» **Problem to solve**
Find the line with "3.考试方式:文化素质测试及职业技能测试均采用合卷笔试的方式进行。" in the data below. Repeat it and every line after it exactly, but not the pictures.

» **Data section**
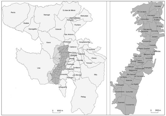 The DMQ with its 32 urban (right) and 33 rural (left) parishes.
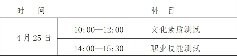 3.考试方式:文化素质测试及职业技能测试均采用合卷笔试的方式进行。
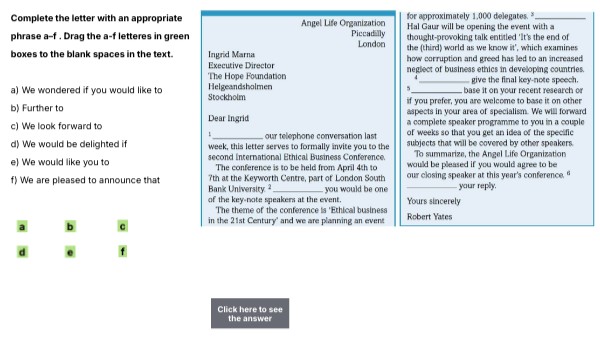 Complete the letter with an appropriate phrase a–f . Drag the a-f letteres in green boxes to the blank spaces in the text. a) We wondered if you would like to b) Further to c) We look forward to d) We would be delighted if e) We would like you to f) We are pleased to announce that
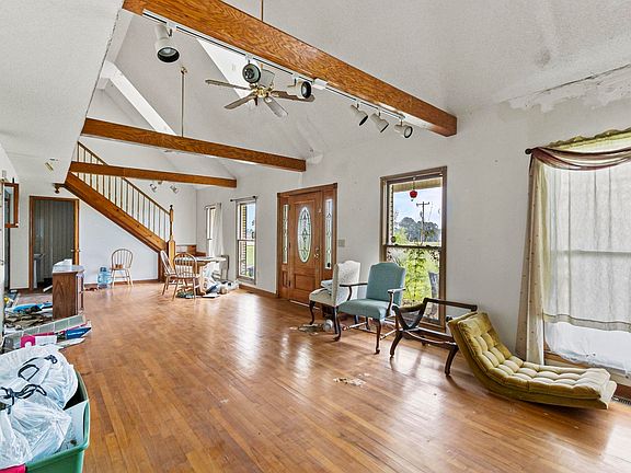 Welcome to this 4/2.5 on 1.89 acres! This home is ready for you to make it your own. Once you pull up you're greeted by a large front porch with round brick steps. Downstairs you have the master bedroom with a large walk-in closet, master bath with jetted tub, and separate shower. You also have a sunroom, living room, kitchen, eat-in area and laundry. Off the sunroom is another patio as well. Upstairs you'll find 3 more large bedrooms and a extra room as well. Home is being sold AS-is! Home will be Cash or conventional!

» **Output for this task**
 3.考试方式:文化素质测试及职业技能测试均采用合卷笔试的方式进行。
 Complete the letter with an appropriate phrase a–f . Drag the a-f letteres in green boxes to the blank spaces in the text. a) We wondered if you would like to b) Further to c) We look forward to d) We would be delighted if e) We would like you to f) We are pleased to announce that
 Welcome to this 4/2.5 on 1.89 acres! This home is ready for you to make it your own. Once you pull up you're greeted by a large front porch with round brick steps. Downstairs you have the master bedroom with a large walk-in closet, master bath with jetted tub, and separate shower. You also have a sunroom, living room, kitchen, eat-in area and laundry. Off the sunroom is another patio as well. Upstairs you'll find 3 more large bedrooms and a extra room as well. Home is being sold AS-is! Home will be Cash or conventional!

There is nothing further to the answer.